HackerEarth A Game of Numbers problem solution

In this HackerEarth A Game of Numbers problem solution, You are given an array A of N integers. Now, two functions F(X) and G(X) are defined:

1. F(X) : This is the smallest number Z such that X < Z <= N and A[X] < A[Z]
2. G(X) : This is the smallest number Z such that X < Z <= N and A[X] > A[Z]

Now, you need to find for each index i of this array G(F(i)), where 1 <= i <= N. If such a number does not exist, for particular index i, output 1 as its answer.

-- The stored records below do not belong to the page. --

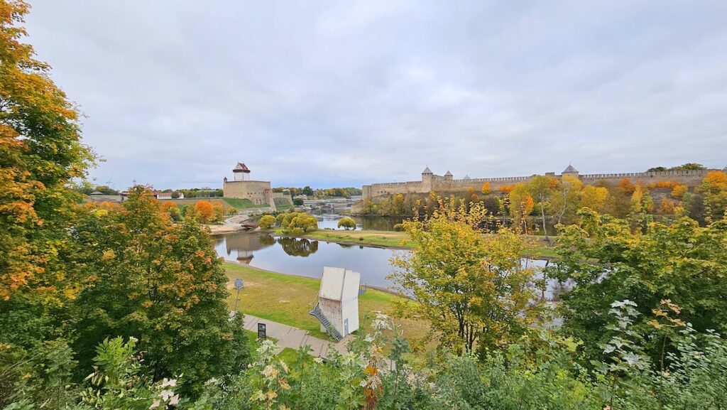 Lounastan tutuksi tulleessa Valge Kõrvitsassa. Ramen on kelpo ja koirani saavat rapsutuksia tarjoilijoilta ja kokilta. Ruokailun jälkeen otamme suunnaksi Narvanjoen. Saavuttuamme rantaan lähdemme kävelemään rantapromenadia Joaorgin rantatalolta kohti Pimeää puutarhaa (Pimeaed). Meillä ei ole koirien kanssa kiirettä mihinkään. Istahdamme Hermannin linnan tuntumaan katselemaan rajajoen hiljaista virtausta. Vastarannalla kohoaa jykevä Iivananlinna. Viikonloppuisin kävelykadulla on yleensä vilinää, mutta nyt tunnelma on raukea. Kalastajia näkyy molemmin puolin joentörmää.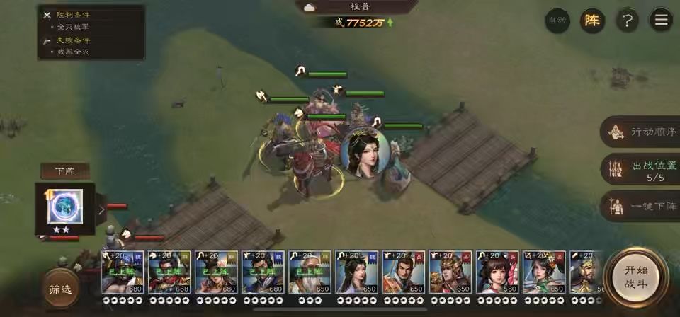 #新三国志曹操传创作者征集令 #新三国志曹操传攻略 直奔主题 上阵武将 吕布(250000攻击),许褚(金土 水火 木水),甄姬,貂蝉,华佗(13星+1星神兵没有练度) 甄姬加护盾,吕布先2技能,貂蝉再动,开大招秒掉一个小兵,许褚不要开护卫,丢石头打其中一个兵。华佗1技能睡杀剩余3个小兵(注意,如果不能全部中,需要重新来,放心几率很大)。这里需要注意站位,尽量让小兵打吕布,吕布反击打伤害很关键!第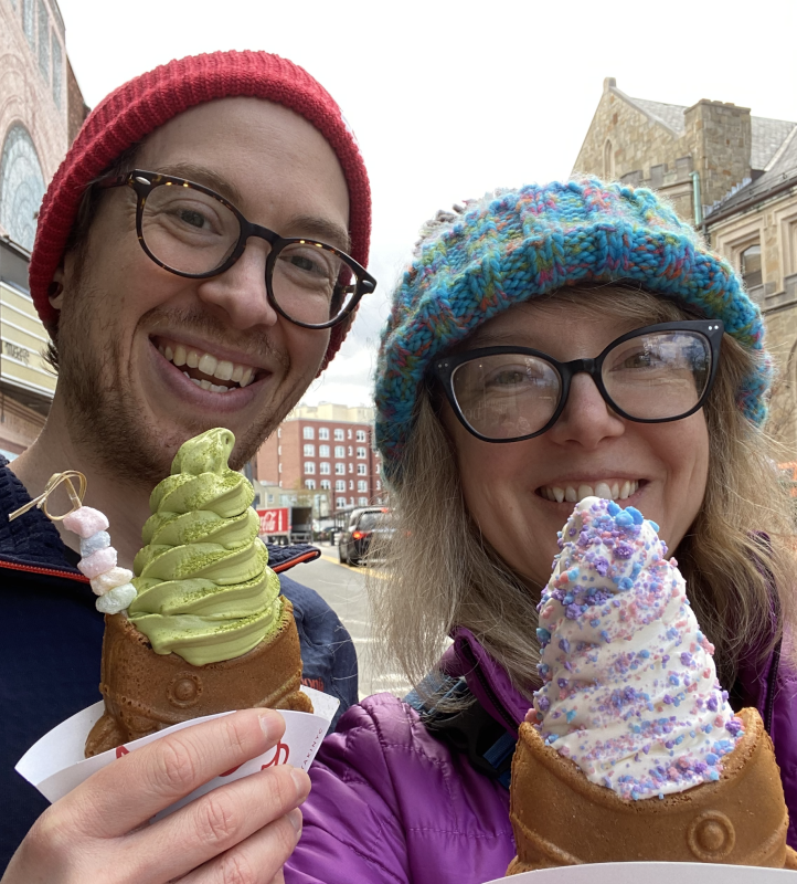 We’ve been together for 8 years and have been married for 6 of those years. We met on an online dating site and immediately connected over our love for books, movies, music, nature, traveling, science, nerdy art, and video and board games. We quickly learned that we share the same values like family, community, communication and personal growth. Our relationship is full of love and laughter. There are so many things we love doing with family and friends, like hosting movie and game nights, hosting dinners, playing football with the nephews, and going on vacations together. Tracy is a drummer and loves playing music with friends and family. Sometimes she even plays shows with her parents’ classic rock cover band. Spencer loves playing tennis and video games, like Pokemon, with his brother and nephews, and cooking with family and friends. We also love attending concerts, hiking nearby nature trails, rock climbing at our local climbing gym and in outdoor parks near us, traveling (Spain and New Zealand are next on our list!), trying new restaurants or staying home and trying new recipes. Sharing new experiences together and with family and friends brings so much joy to our lives. It strengthens our bond with each other and with our community. We’re also passionate about supporting animal shelters and have two amazing adopted cats (Squid and Vincent) who are great with people, love to cuddle and make us laugh every day.

If such a number does exist, output A[G(F(i))]

HackerEarth A Game of Numbers problem solution.

#include<bits/stdc++.h>
using namespace std;
 
int main()
{

    int n;
    cin>>n;
    
    short int a[n];
    for(int i=0;i<n;i++)cin>>a[i];
    short int next_greater[n], next_smaller[n];
    stack<short int> s1;
    for (short int i=n-1; i>=0; i--)
    {
        while (!s1.empty() && a[s1.top()] <= a[i] )
            s1.pop();
        if (!s1.empty())
            next_greater[i] = s1.top();
        else
            next_greater[i] = -1;

        s1.push(i);
    }

    stack<short int> s2;
    for (short int i=n-1; i>=0; i--)
    {
        while (!s2.empty() && a[s2.top()] >= a[i])
            s2.pop();
        if (!s2.empty())
            next_smaller[i] = s2.top();

        else
            next_smaller[i] = -1;

        s2.push(i);
    }
    
    
    for (short int i=0; i< n; i++)
    {

        if (next_greater[i] != -1 && next_smaller[next_greater[i]] != -1)
            cout << a[next_smaller[next_greater[i]]] <<" ";
        else
            cout<<-1<<" ";
    }
   
    return 0;
}